Edelweiss Group (Officially known as Edelweiss Financial Services Limited) is an investment and financial services company based in Mumbai, India. It is co-founded by Rashesh Shah and  Venkat Ramaswamy.

The company is dealing in various financial services ranging from brokerage services to life insurance and General insurance, private equity and other investment-related services through subsidiaries. It has a network of sub-brokers and authorised people across India. It is registered with National Stock Exchange of India, Bombay Stock Exchange and MCX Stock Exchange. Initially, the company worked on private equity syndication, mergers, acquisitions (M&A) and focused on advisory services. In 2000, the company had capital mark of Rupees 50 million. It acquired Rooshnil Securities in 2017.

History
Edelweiss was founded in 1995 by Rashesh Shah and Venkat Ramaswamy.

Edelweiss worked on mergers & acquisitions, providing advisory and investment banking services. Edelweiss also offered equity broking, portfolio management, and wholesale financing services to individuals and corporates.

1996–2004 
The company became a merchant bank in 2000. It was also helped start-ups raise funds via the non-IPO route, Venture Capital (VC) and Private Equity funds (PE).

2004–2012 
During this period Edelweiss added institutional broking and non-banking financial company (NBFC) activity to its portfolio. In 2007, Edelweiss obtained its Clearing Member License. The same year, Edelweiss commenced asset management business with the launch of real estate funds.

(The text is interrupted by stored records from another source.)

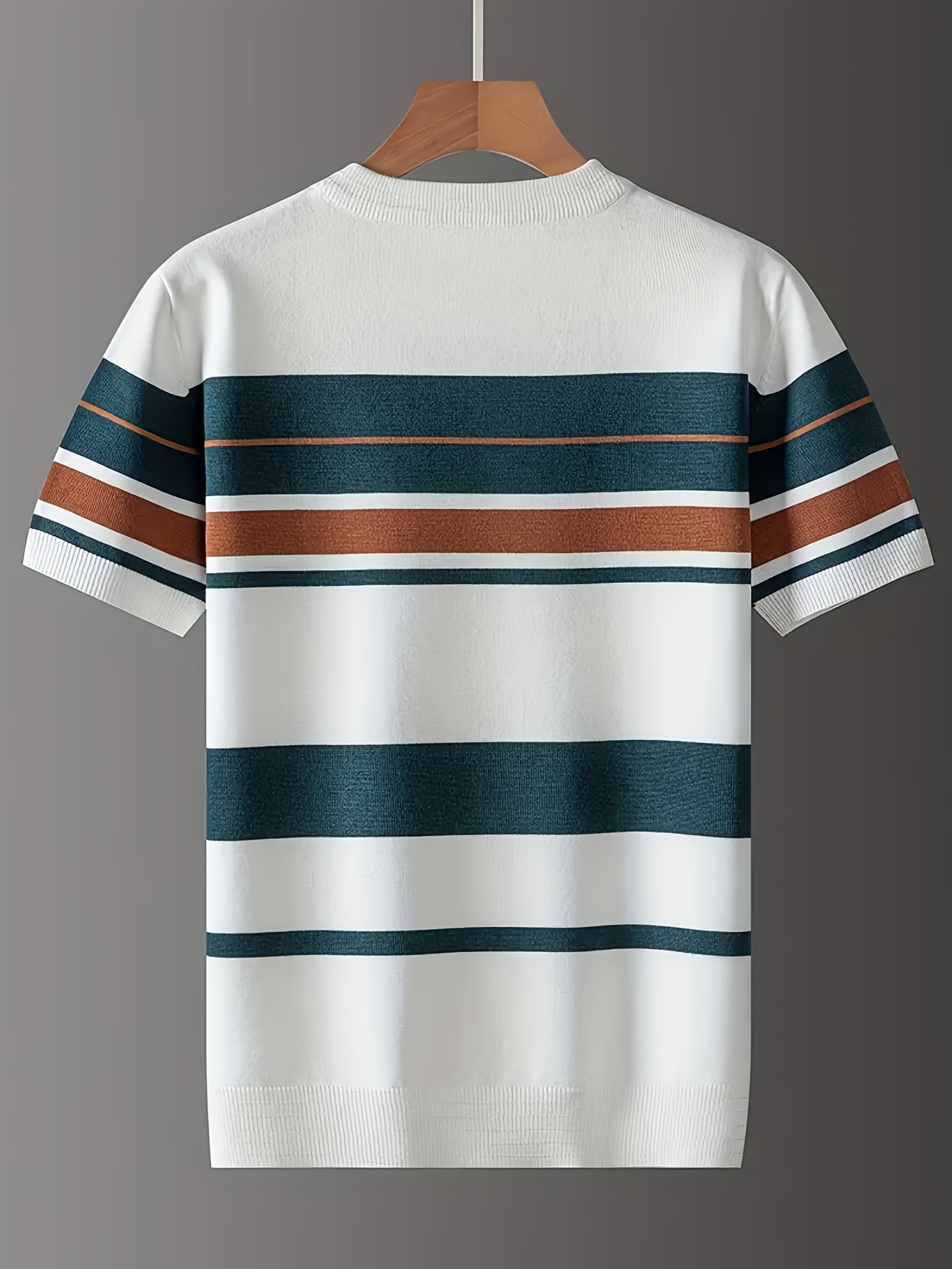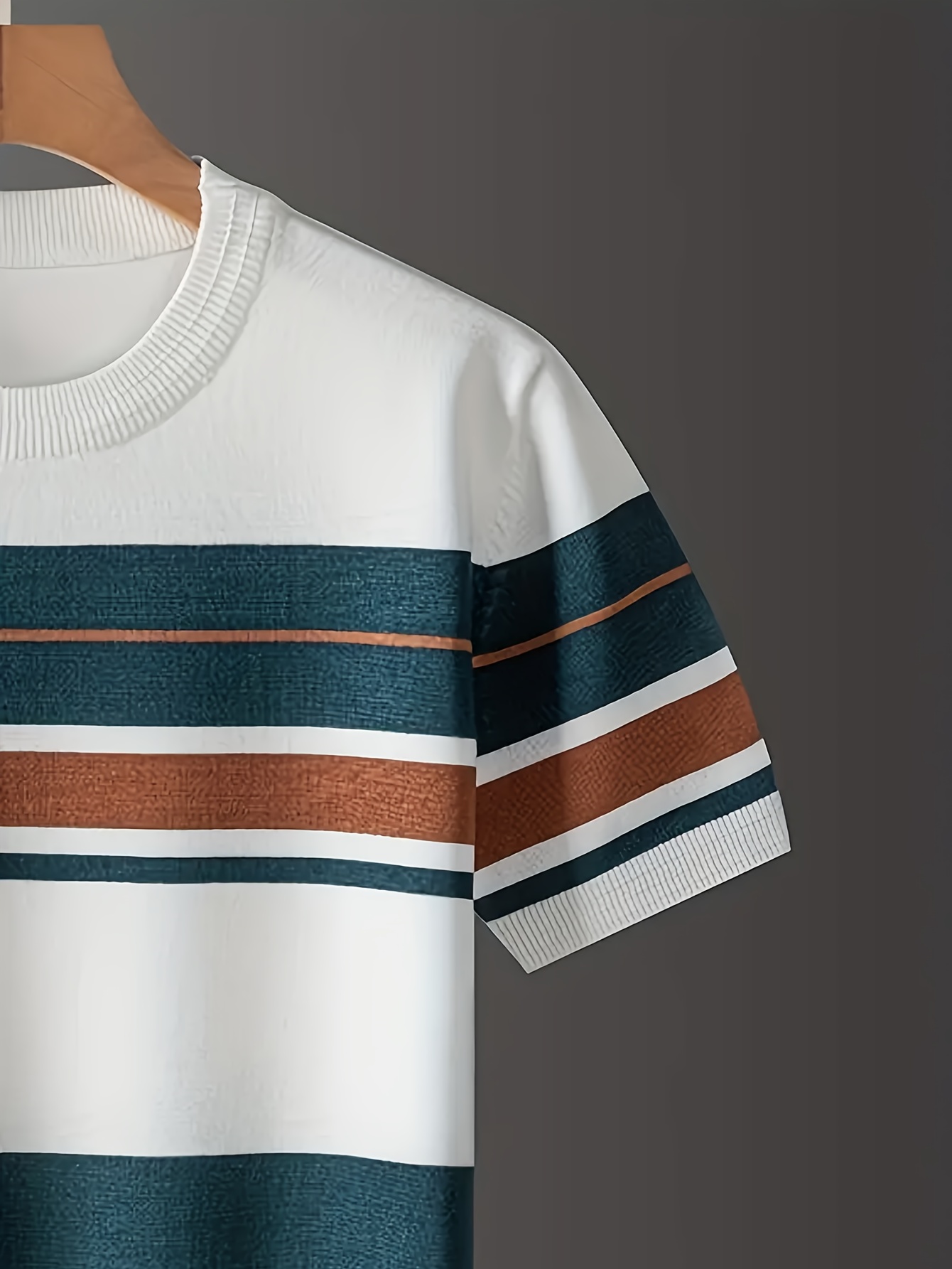[Summer Striped T-Shirt] LVLAEA Men's Summer Striped Pullover T-Shirt | Short Sleeve, Crew Neck, Casual Rayon Blend, Rib-Knit, Slight Stretch, Fashionable Stripes, Everyday Wear, Regular Fit, Breathable, Skin-Friendly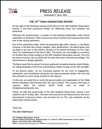“One of the submissions made, which has generated high public interest, is Jay Bahd’s inclusion in the Best New Artiste category. After deliberations, the Board agrees that Jay Bahd is not new to the scheme because of his shared nomination on Yaw Tog’s ‘Sore’ for Collaboration of the Year in 2021.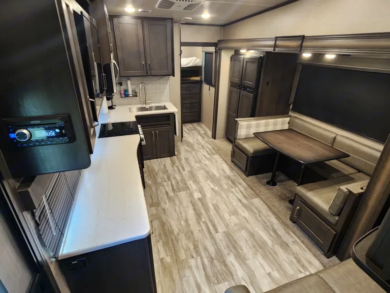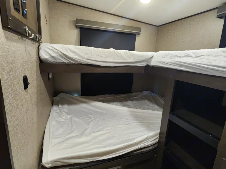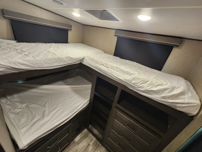 Welcome to Jo Dee!!!!This fantastic camper is great for the whole family!!!With an amazing bunkroom space with tons of storage, and oversized beds for everyone!!!The kitchen, living and dining space are incredibly spacious with so much counterspace to prep all the amazing meals!!!The bathroom is incredible with tons of storage and large shower!!The master bedroom is a dream with all the closet space you could possibly need for a great trip!!What's included• What's included:• Each bed comes with a fitted sheet.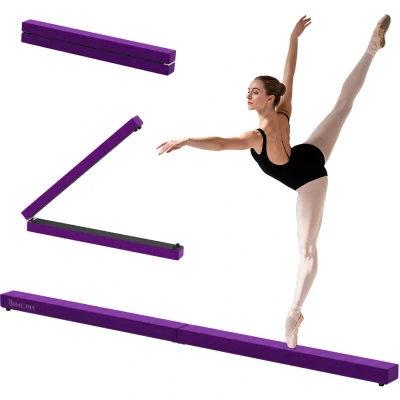 HOMCOM 2.4M 8FT Gymnastics Folding Balance Beam Home Gym Training Exercise Sports Purple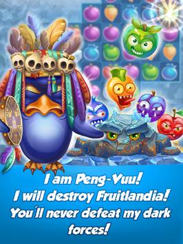 Using an enhanced Classic match 3 play system with all your favorite power ups you battle to save Fruitlandia from Peng-Vuu and his evil minions he has possessed. Starting with two of the fairies on your side you try to find and catch Peng-Vuu to remove his evil spell over all Fruitlandia. With numerous different play modes, level types, and blockers you try to successfully navigate through all the levels to catch him, but his is quick and sly! He will not be caught easily! Can you help the fairies and save Fruitlandia? Are you the one?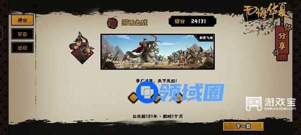 李广开局携带1级弓兵,以及兵法:飞将强弩,没啥好说的,开局买轻骑兵和重骑兵一个,然后sl刷星罗棋布直接刚,就是进入大漠后无法探查有些坑,全靠运气,这个负面buff没有对不起他的“迷路将军”这个称号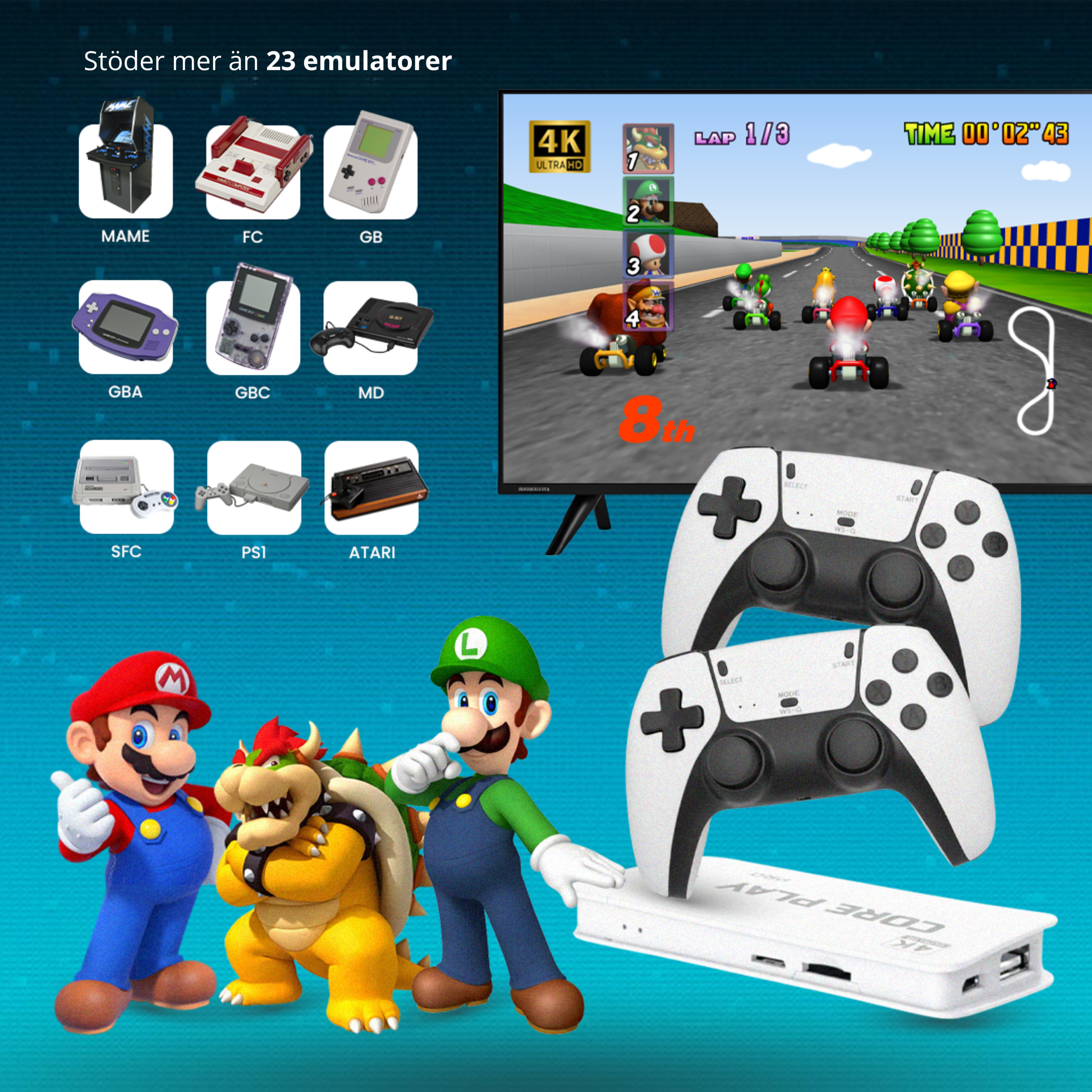 Kliv tillbaka in i världen av nostalgiska spel med CorePlay Stick. Den ultimata retro spelupplevelsen. Utrustad med över 30.000 tidlösa spel som du kan spela direkt.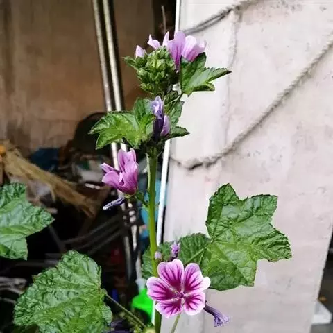二年生草本,高50-100厘米,茎干被星状长柔毛。叶肾形或圆形,直径5-11厘米,通常为掌状5-7裂,裂片三角形,具钝尖头,边缘具钝齿,两面被极疏糙伏毛或近无毛;叶柄长2-8厘米,近无毛,上面槽内被绒毛;托叶卵状披针形,被星状柔毛。花3-多朵簇生于叶腋,具极短柄至近无柄;小苞片3,线状披针形,长5-6毫米,被纤毛;萼杯状,直径5-8毫米,萼裂5,广三角形,疏被星状长硬毛;花冠长稍微超过萼片,淡白色至淡红色,花瓣5,长6-8毫米,先端凹入,爪无毛或具少数细毛;雄蕊柱长约4毫:米,被毛;花柱分枝10-11。果扁球形,径约5-7毫米;分果爿10-11,背面平滑,厚1毫米,两侧具网纹;种子肾形,径约1.5毫米,无毛,紫褐色。花期3-11月。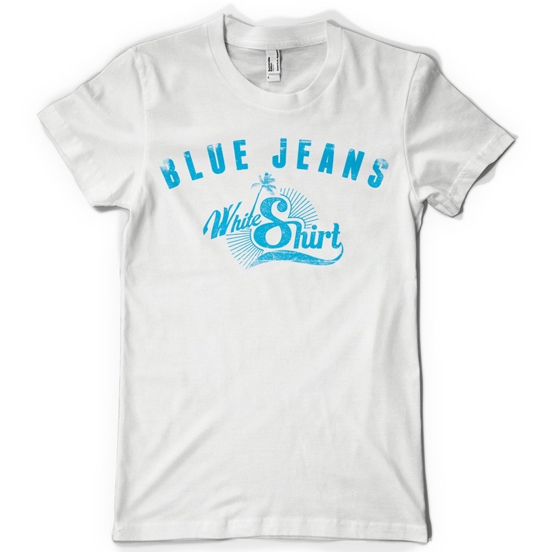 Blue jeans White shirt graphic design template in vector format, featuring detailed summer t-shirt now available for Adobe Illustrator, Adobe Photoshop and Corel Draw and can be used for digital printing and screenprinting .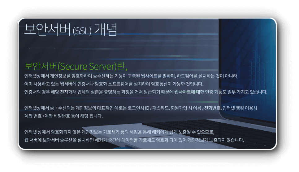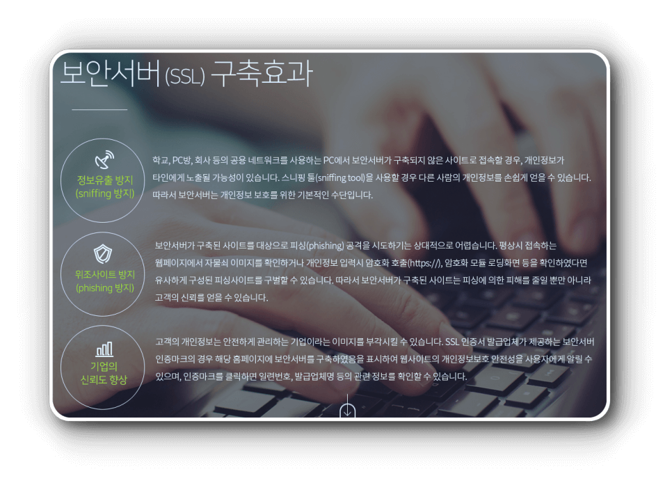 공용 네트워크를 사용하는 학교, PC방, 회사 등 에서 PC를 통해 보안서버가 구축되지 않은 사이트로 접속할 경우 개인정보가 타인에게 쉽게 노출 될 수 있습니다. 따라서 보안서버는 개인정보 유출을 방지하기 위한 기본적인 수단입니다. 보안서버가 구축된 사이트를 대상으로 피싱 공격을 시도하는 것은 상대적으로 어렵기에 고객의 신뢰를 얻을 수 있으며, 고객의 정보를 안전하게 관리하는 기업이라는 이미지도 부각 시킬 수 있습니다.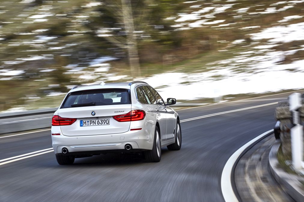 BMW 520d Touring 2017Nu demult, m-am delectat cu dinamica fără egal în segment a sedanului Seriei 5. L-am testat atât în versiunea 530d xDrive (3 litri, diesel, 265 CP și 620 Nm), cât și în varianta 540i xDrive (3 litri turbo, benzină, 340 CP și 450 Nm), ultimul într-un comparativ cu Mercedes-Benz E 400 4Matic. Ambele au motoare V6 și tracțiune integrală. De aceea, când am ales varianta break a testului de față, am decis să fiu mai rațional. Pentru că o astfel de mașină atrage, pe lângă clienții privați, și flotele de mașini, am optat pentru propulsorul diesel de bază echipat cu tracțiune spate. Diferența de preț între 520d și 530d, ambele echipate cu transmisie automată Steptronic și tracțiune spate, nu este neglijabilă: aproape 6.800 euro. Este posibil însă ca în viitor să existe și un model intermediar 525d, propulsat de motorul de 2 litri, într-o variantă superioară de putere (probabil biturbo, de 224 CP).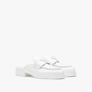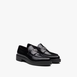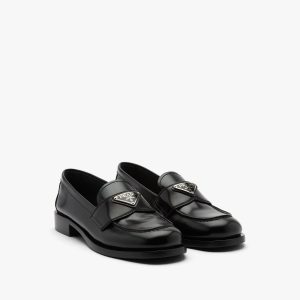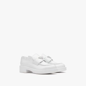 Unique and bold, these loafers emphasize the concept of duality, which is essential in the aesthetics of the brand. The modernist maxi sole with a unique monolithic design creates a dialog with the brushed leather upper featuring a rigorous look and polished finish. A hybrid yet harmonious soul characterizes the Monolith line that combines diametrically opposed images to create a timeless silhouette. The iconic enameled metal triangle logo2 decorates the design.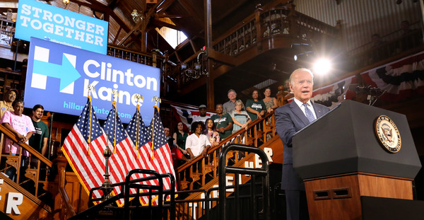 Murphy, who introduced Biden, told the crowd, "Hillary Clinton faced baseless attacks throughout her entire life, and she's never given up. She's been called every name in the book. But I can't wait to call her Madam President."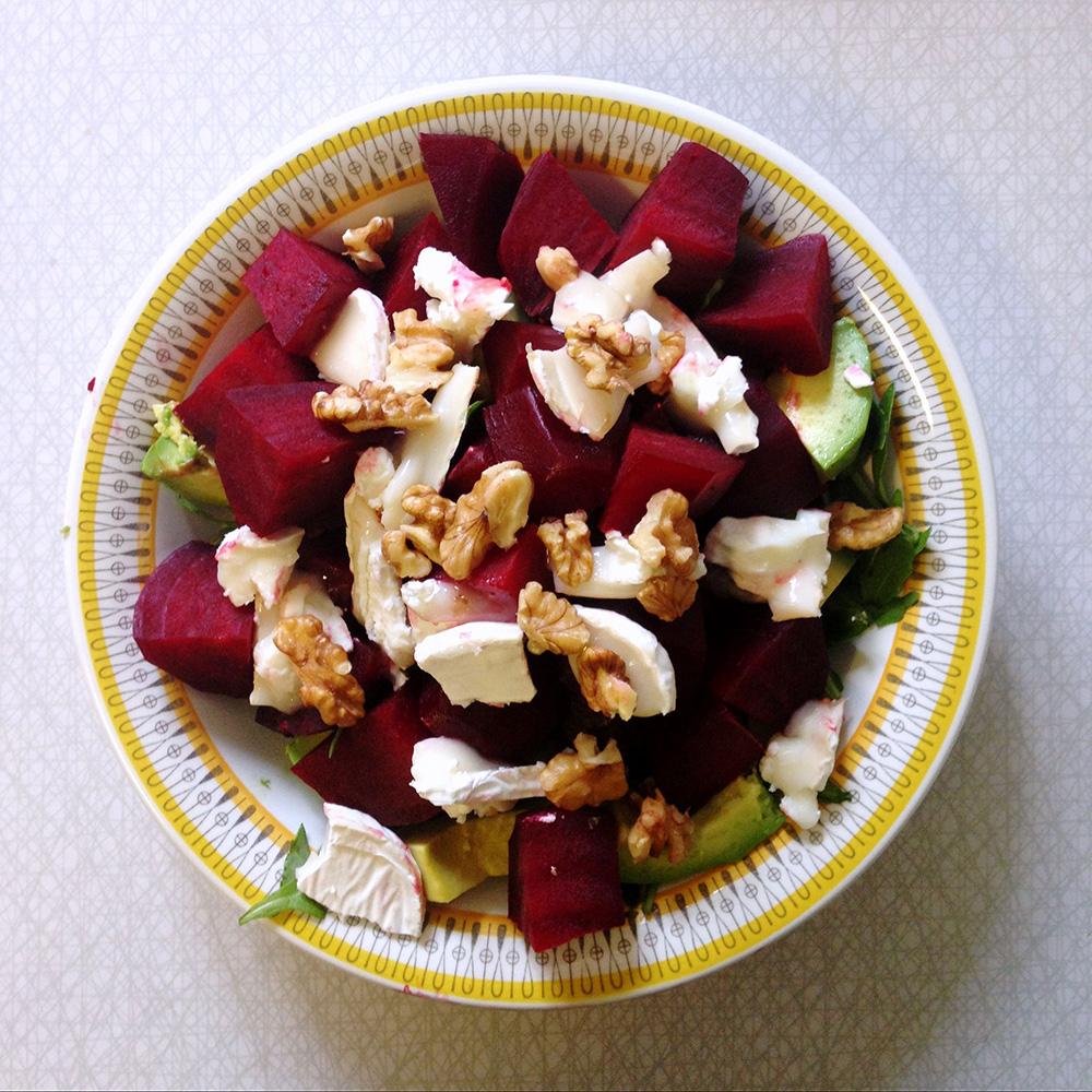 Lunch: Ruccola, avocado, beet roots, goat cheese, walnuts. (salt and pepper)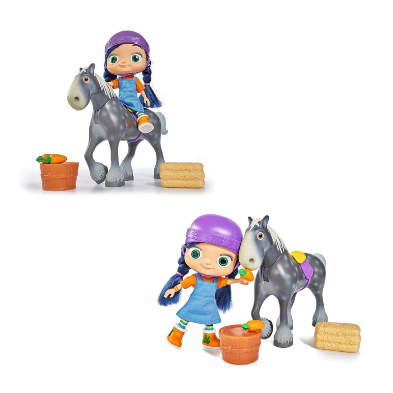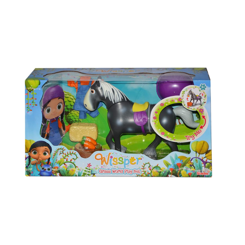 Contains: 1 horse outfit for a 23cm wissper doll* ( Doll sold seperately), 1 Herbert the Horse figure with magnetic nose, 2 carrots, 1 food trough, 1 bale of hay.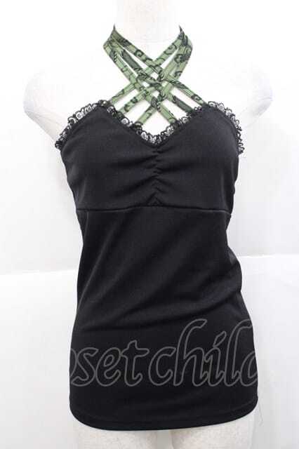 Qutie Frash / クロスキャミ 黒X緑 I-25-11-27-018-QU-TS-SA-ZI [2100060000046759-I-25-11-27-018-QU-TS-SA-ZI]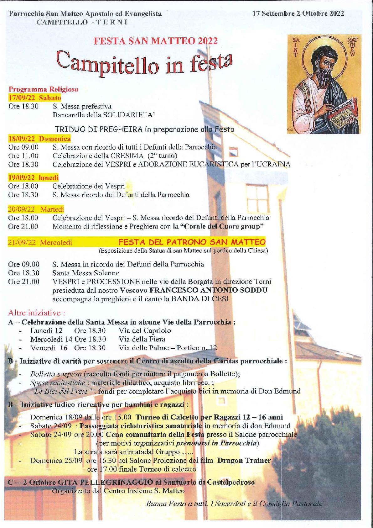 La parrocchia di San Matteo Apostolo ed Evangelista in Campitello festeggia il patrono con una serie di manifestazioni.

In 2007, Edelweiss Global Wealth Management was established to offer wealth structuring solutions, asset protection, asset transfer strategies, risk management and investment banking solutions.

In 2008, EdelGive Foundation (the company's charitable wing)  was established with education and livelihoods as its primary focus areas.

In 2010, Edelweiss acquired Anagram Capital, for Rs. 164 crore. In 2011, Edelweiss Tokio Life Insurance was established as a joint venture between Edelweiss and Japanese insurer Tokio Marine. Edelweiss held a 74 per cent stake in the JV.

2012–present 
In 2014, Edelweiss Financial Services acquired Mumbai-based asset management company, Forefront Capital Management.

In 2016, Edelweiss Asset Management Company completed the acquisition of fund schemes of JP Morgan Asset Management India.

In September 2016, Edelweiss Financial Services Ltd also agreed to acquire Ambit Investment Advisors' longshot hedge fund Ambit Alpha Fund.

In 2016, Caisse de dépôt et placement du Québec (CDPQ), a pension fund manager in North America, acquired 20 per cent equity stake in Edelweiss Asset Reconstruction Company (EARC) with a view to investing annually in stressed assets and the specialized corporate credit segment, over a four-year period.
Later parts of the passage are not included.